2. **Proposed solution**: high-level description, optionally with pseudo-code.
3. **Alternatives considered**: why existing functionality is not enough.
---
## Release Process
1. Update version in `Cargo.toml`.
2. Update `CHANGELOG.md` with the new version section.
3. Run full checks: `./scripts/check.sh` (or `cargo test --all-features && cargo clippy --all-targets --all-features -- -D warnings`).
4. Create a git tag: `git tag v0.x.y`.
5. Push tag: `git push origin v0.x.y`.
6. CI builds release binaries and publishes to crates.io.
---
## Security Issues
Please do **not** open public issues for security-sensitive bugs. See [SECURITY.md](SECURITY.md) for our responsible disclosure process.
---
## License
### Contributions are released under GPL-3.0-or-later
By submitting a pull request, patch, or other contribution to Nyx, you agree that your contribution will be released under the [GPL-3.0-or-later](./LICENSE), the same license as the project.

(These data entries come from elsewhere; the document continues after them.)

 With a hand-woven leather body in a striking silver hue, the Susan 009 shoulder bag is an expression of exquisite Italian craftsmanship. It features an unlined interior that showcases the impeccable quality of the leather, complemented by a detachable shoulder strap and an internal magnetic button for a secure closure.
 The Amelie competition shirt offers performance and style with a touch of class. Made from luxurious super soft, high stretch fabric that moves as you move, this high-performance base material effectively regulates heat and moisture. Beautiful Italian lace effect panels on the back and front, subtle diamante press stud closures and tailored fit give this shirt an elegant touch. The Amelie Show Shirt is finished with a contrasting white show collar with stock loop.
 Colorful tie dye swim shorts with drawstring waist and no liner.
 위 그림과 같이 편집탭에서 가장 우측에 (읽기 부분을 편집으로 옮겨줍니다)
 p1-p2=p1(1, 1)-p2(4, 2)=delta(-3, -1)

### Developer Certificate of Origin
We use the Developer Certificate of Origin (DCO) as a lightweight baseline for contributions. All commits must include a `Signed-off-by:` trailer, which certifies that you wrote the code yourself or otherwise have the right to submit it under the project license.

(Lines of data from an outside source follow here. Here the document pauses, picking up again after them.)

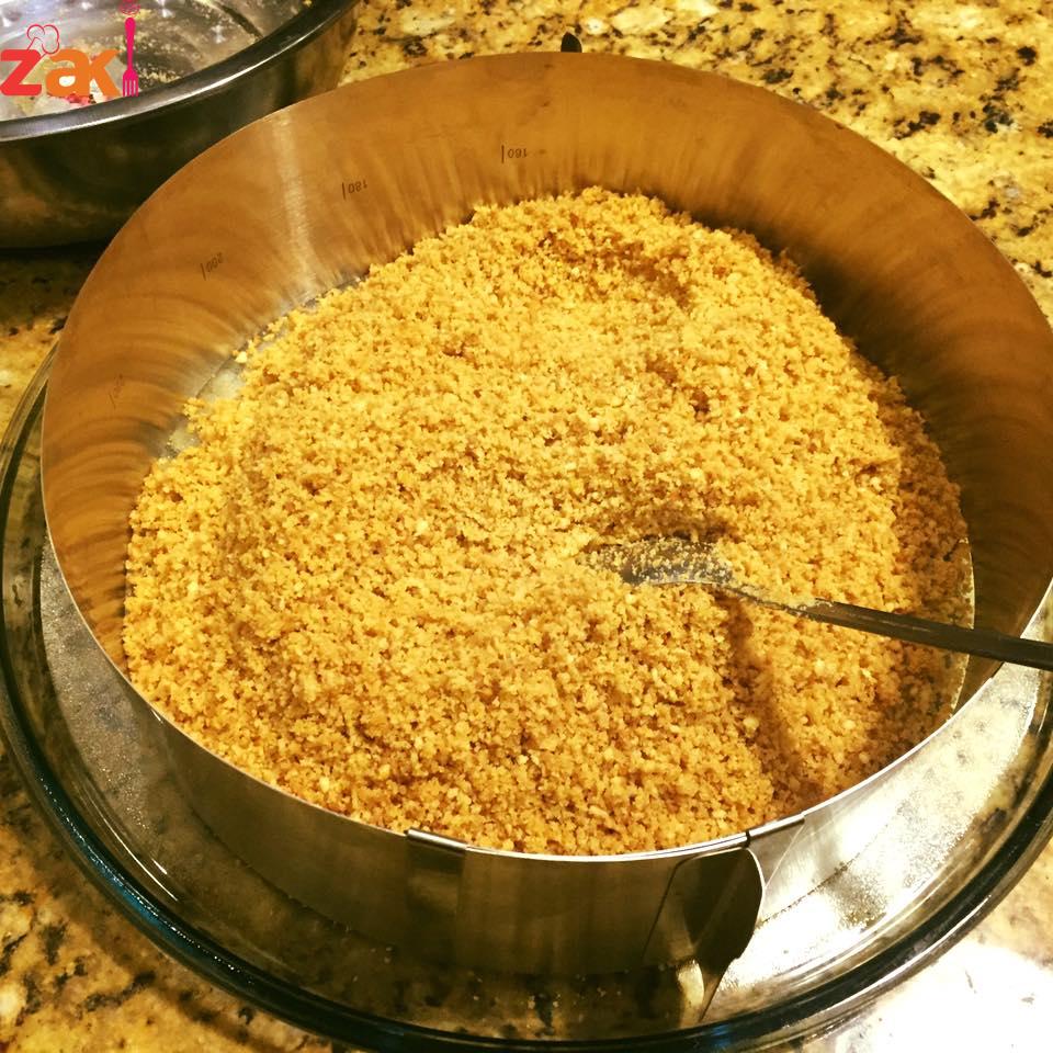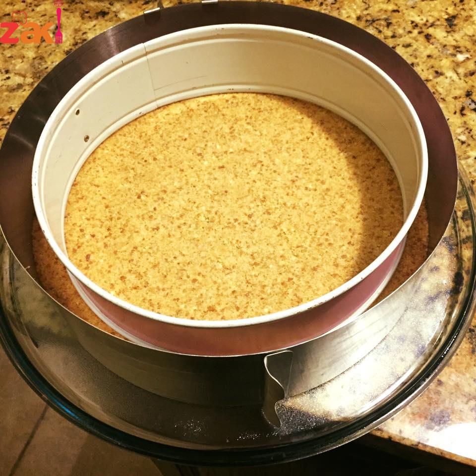 اول طبقه اي نوع كيك شوكلا شربي اي نوع عصير في صينية التشيز أو أي نوع بسكويت مطحون خمس أكياس مع 400 غرام زبدة يتم خلطهم مع بعض ورصهم في صينية التشيز كيك
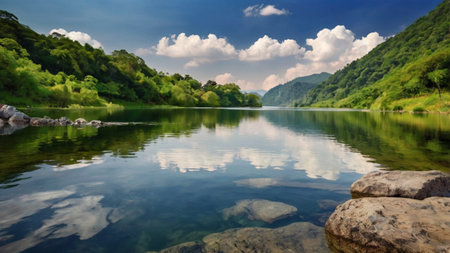 Landscape of beautiful mountain lake with blue sky and clouds reflected in water
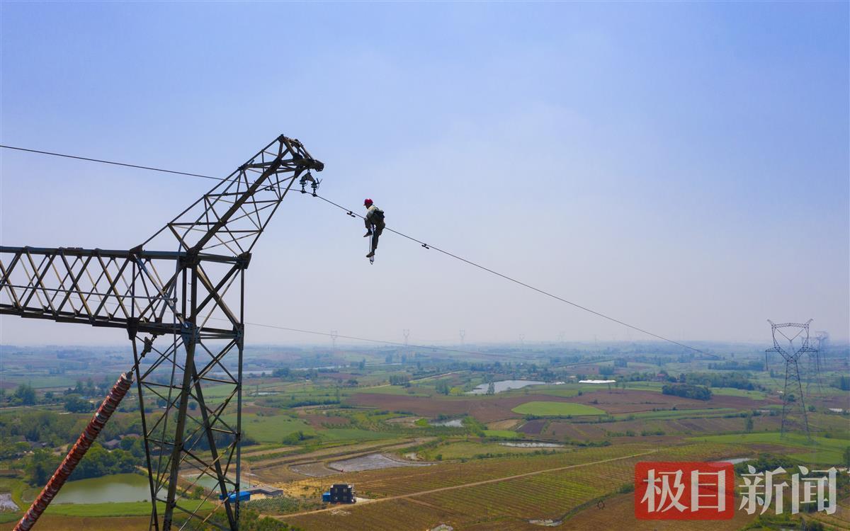 4月21日,国网湖北电力员工在位于湖北荆门钟祥市的特高压交流1000千伏南荆Ⅰ线435号塔的架空地线上对防振锤滑移进行复位,保障线路健康运行。

Use `git commit -s` to add this automatically.
### Contributor License Agreement
Before your first contribution can be merged, you must sign the Nyx [Contributor License Agreement](./CLA.md).
The CLA does not transfer ownership of your work. You retain copyright to your contributions. It grants Nyx the rights needed to maintain, distribute, and evolve the project over time, including the flexibility to support long-term sustainability through future licensing or commercial offerings.
If you do not agree to these terms, please do not submit contributions to Nyx.